Pursuant to the requirements of the Securities Exchange Act of 1934, the 
registrant has duly caused this report to be signed on its behalf by the 
undersigned hereunto duly authorized. 
 
                      Diebold Nixdorf, Incorporated 
July 7, 2020      By: _/s/ Jeffrey Rutherford_ 
                      Name:           Jeffrey Rutherford 
 
                      Title:          Senior Vice President and 
                                      Chief Financial Officer 
                                      (Principal Financial 
                                      Officer) 
 
*Exhibit 99.1* 
 
/ *Press Release* 
 
_Media contact:_                     _Investor contact:_ 
Mike Jacobsen, APR                   Steve Virostek 
+1 330 490 3796                      +1 330 490 6319 
michael.jacobsen@dieboldnixdorf.com  stephen.virostek@dieboldnixdorf.com 
 
*FOR IMMEDIATE RELEASE:* 
July 7, 2020 
 
*DIEBOLD NIXDORF ANNOUNCES COMMENCEMENT OF OFFERINGS OF SENIOR SECURED 
NOTES* 
 
NORTH CANTON, Ohio - Diebold Nixdorf, Incorporated (NYSE: DBD) today 
announced that it has commenced an offering of $690 million aggregate 
principal amount of senior secured notes due 2025 (the 'U.S. Notes').
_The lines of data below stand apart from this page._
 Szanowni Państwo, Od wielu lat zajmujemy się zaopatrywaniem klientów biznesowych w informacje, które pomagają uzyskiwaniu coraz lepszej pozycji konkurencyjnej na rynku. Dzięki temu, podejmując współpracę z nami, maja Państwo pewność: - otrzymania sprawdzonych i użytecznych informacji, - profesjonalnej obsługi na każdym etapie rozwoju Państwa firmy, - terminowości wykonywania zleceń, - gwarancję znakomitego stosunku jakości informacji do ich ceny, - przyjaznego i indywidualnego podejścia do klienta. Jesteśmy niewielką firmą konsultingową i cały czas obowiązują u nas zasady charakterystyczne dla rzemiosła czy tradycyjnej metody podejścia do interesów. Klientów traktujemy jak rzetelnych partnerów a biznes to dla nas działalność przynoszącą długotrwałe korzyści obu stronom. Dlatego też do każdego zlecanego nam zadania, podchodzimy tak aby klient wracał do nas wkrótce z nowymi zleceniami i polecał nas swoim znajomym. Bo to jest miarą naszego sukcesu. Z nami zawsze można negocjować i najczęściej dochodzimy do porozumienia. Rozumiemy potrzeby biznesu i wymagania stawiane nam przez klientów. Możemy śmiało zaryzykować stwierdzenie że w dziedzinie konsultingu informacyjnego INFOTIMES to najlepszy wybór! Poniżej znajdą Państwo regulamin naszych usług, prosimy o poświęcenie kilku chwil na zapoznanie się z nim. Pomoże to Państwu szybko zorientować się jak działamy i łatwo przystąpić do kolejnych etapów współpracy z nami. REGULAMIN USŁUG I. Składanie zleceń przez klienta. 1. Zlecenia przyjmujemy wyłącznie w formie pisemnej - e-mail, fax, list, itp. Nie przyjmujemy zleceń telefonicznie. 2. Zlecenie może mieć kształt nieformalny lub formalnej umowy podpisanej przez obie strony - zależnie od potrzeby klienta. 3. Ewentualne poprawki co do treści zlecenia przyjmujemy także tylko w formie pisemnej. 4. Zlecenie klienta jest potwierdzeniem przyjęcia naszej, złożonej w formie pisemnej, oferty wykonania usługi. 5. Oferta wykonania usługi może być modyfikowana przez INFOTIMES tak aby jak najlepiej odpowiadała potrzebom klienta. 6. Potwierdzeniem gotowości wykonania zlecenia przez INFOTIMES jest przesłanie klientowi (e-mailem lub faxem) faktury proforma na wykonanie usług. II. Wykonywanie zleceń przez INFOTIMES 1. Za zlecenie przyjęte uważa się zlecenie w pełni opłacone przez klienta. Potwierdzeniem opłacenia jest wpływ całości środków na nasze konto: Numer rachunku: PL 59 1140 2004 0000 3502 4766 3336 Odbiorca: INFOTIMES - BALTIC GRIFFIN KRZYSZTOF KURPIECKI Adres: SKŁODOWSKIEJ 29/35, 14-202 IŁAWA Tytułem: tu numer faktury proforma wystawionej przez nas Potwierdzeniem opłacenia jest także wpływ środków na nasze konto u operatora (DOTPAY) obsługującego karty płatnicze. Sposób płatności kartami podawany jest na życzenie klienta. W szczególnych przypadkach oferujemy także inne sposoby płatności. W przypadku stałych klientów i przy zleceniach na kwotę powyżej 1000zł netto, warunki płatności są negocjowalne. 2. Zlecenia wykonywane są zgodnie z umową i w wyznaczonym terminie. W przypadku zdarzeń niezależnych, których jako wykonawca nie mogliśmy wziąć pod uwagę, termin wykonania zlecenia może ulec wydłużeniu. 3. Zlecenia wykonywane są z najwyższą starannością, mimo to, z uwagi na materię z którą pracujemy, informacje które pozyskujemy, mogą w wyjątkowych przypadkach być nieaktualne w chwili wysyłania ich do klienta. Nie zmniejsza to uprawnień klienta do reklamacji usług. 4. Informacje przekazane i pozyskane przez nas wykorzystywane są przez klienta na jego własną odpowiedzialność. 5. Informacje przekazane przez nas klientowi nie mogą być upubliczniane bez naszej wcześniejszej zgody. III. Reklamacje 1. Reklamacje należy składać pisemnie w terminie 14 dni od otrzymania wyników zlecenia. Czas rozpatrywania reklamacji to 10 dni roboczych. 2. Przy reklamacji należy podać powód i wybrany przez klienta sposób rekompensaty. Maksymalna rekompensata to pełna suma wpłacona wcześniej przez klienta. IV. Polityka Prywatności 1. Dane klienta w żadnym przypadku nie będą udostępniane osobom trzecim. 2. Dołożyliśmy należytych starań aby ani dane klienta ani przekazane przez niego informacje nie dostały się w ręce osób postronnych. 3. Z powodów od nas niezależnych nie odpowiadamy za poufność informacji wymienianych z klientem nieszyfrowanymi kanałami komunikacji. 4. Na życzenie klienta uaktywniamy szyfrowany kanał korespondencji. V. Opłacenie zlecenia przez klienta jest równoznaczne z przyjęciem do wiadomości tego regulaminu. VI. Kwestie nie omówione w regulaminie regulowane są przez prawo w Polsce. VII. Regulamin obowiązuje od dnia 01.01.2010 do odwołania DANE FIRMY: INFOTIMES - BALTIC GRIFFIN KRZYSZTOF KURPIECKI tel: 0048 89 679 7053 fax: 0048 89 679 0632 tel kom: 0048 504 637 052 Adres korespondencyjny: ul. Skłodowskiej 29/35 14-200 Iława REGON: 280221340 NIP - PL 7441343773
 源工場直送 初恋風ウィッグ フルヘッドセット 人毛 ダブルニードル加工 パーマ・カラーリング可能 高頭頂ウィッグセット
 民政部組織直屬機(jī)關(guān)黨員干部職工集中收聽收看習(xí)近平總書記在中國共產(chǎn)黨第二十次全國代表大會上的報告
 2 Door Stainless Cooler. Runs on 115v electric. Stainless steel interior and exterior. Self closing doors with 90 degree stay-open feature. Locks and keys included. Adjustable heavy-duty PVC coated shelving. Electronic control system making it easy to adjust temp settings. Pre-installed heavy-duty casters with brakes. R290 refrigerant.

In 
addition, its wholly-owned subsidiary, Diebold Nixdorf Dutch Holding B.V. 
(the 'Euro Notes Issuer'), has commenced an offering of EUR 350 million 
aggregate principal amount of senior secured notes due 2025 (the 'Euro 
Notes' and, together with the U.S. Notes, the 'Notes') in separate offerings 
(the 'Notes Offerings') that are exempt from the registration requirements 
of the Securities Act of 1933 (the 'Securities Act'). Both offerings are 
subject to market conditions. 
 
The company intends to use the net proceeds of the Notes Offerings, along 
with cash on hand, to repay a portion of the amounts outstanding under its 
senior credit facility (the 'Senior Credit Facility'), including all amounts 
outstanding under the term loan A facility and term loan A-1 facility and 
approximately $194 million revolving credit loans, including all revolving 
credit loans due in December 2020, and for the payment of all related fees 
and expenses. 
 
It is expected that the Notes will be guaranteed on a senior secured basis 
by (i) all of Diebold Nixdorf's existing and future direct and indirect U.S. 
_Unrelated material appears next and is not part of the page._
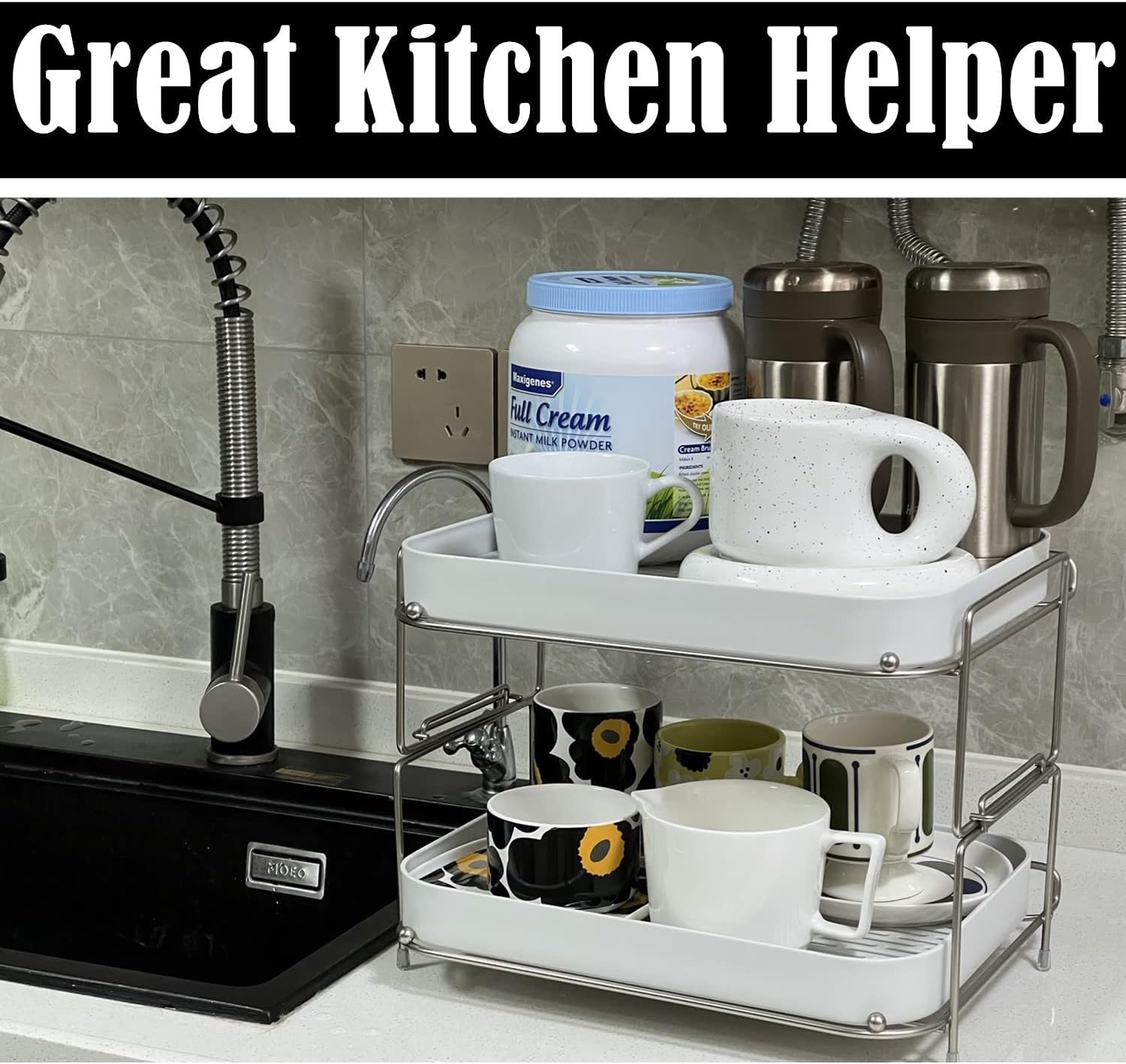 2. This rack has multiple functions to store things, including mugs, cups and bowls. It can also be used to organize fruits, vegetables and snacks.
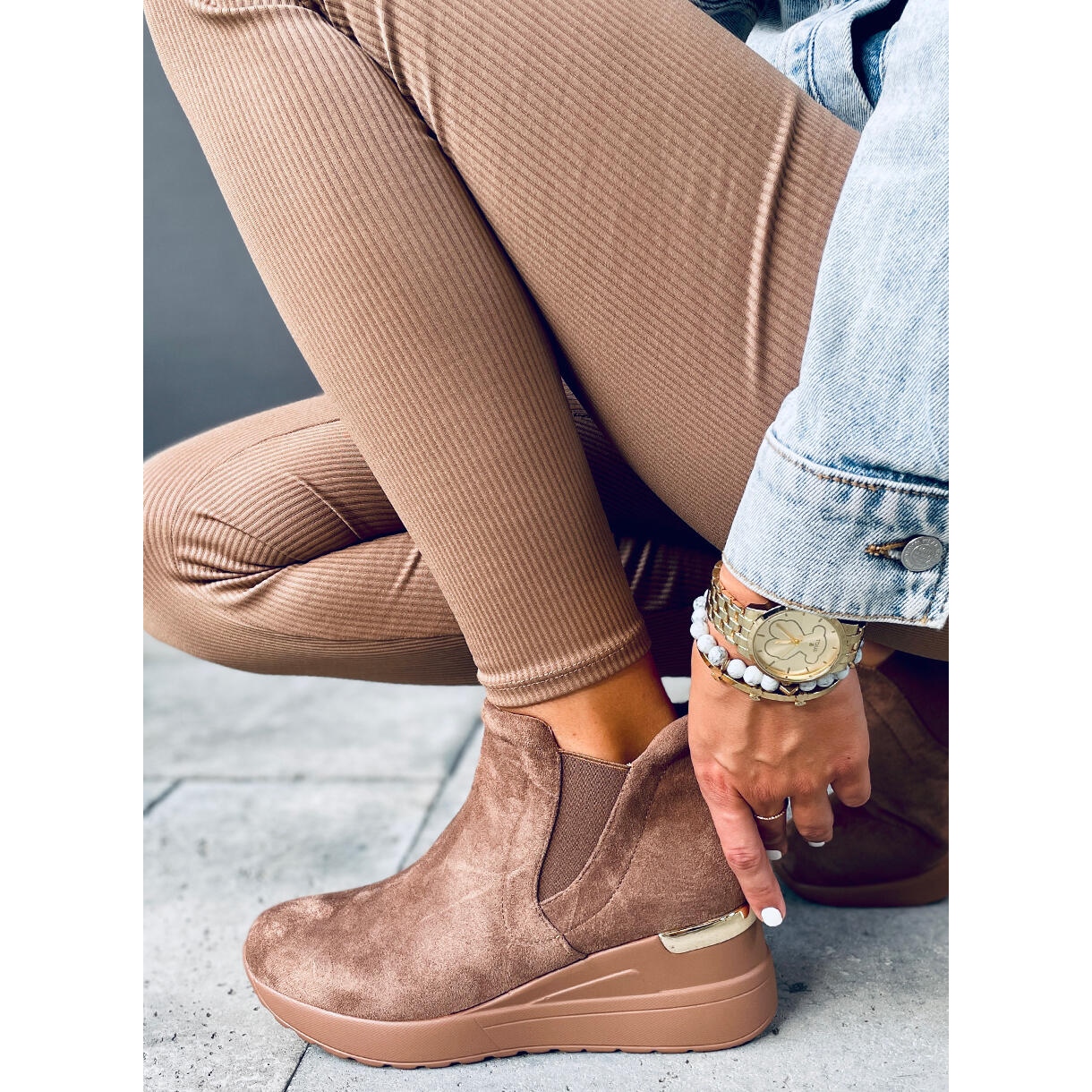 Découvrez le confort et le style avec les chaussures compensées Florens dans une élégante nuance de beige kaki. Ces chaussures en daim pour femmes uniques, avec une hauteur de coin de 6,5 cm, allient design moderne et fonctionnalité au quotidien. La conception à enfiler permet d'enfiler et de retirer les chaussures extrêmement facilement, ce qui en fait la solution parfaite pour toutes les occasions.

subsidiaries that guarantee the Senior Credit Facility and (ii) all of 
Diebold Nixdorf's existing and future direct and indirect U.S. subsidiaries 
(other than securitization subsidiaries, immaterial subsidiaries and certain 
other subsidiaries) that guarantee any of the Euro Notes Issuer's or Diebold 
Nixdorf's or its subsidiary guarantors' indebtedness for borrowed money 
(collectively, the 'U.S. subsidiary guarantors'). Additionally, it is 
expected that the U.S. Notes and the Euro Notes will be guaranteed on a 
senior secured basis by the Euro Notes Issuer and Diebold Nixdorf, 
respectively. It is also expected that the Notes will be secured by 

(MORE TO FOLLOW) Dow Jones Newswires

July 07, 2020 06:02 ET (10:02 GMT)

first-priority liens on substantially all of the tangible and intangible 
assets of Diebold Nixdorf, the Euro Notes Issuer and the U.S. subsidiary 
guarantors, in each case subject to permitted liens and certain exceptions. 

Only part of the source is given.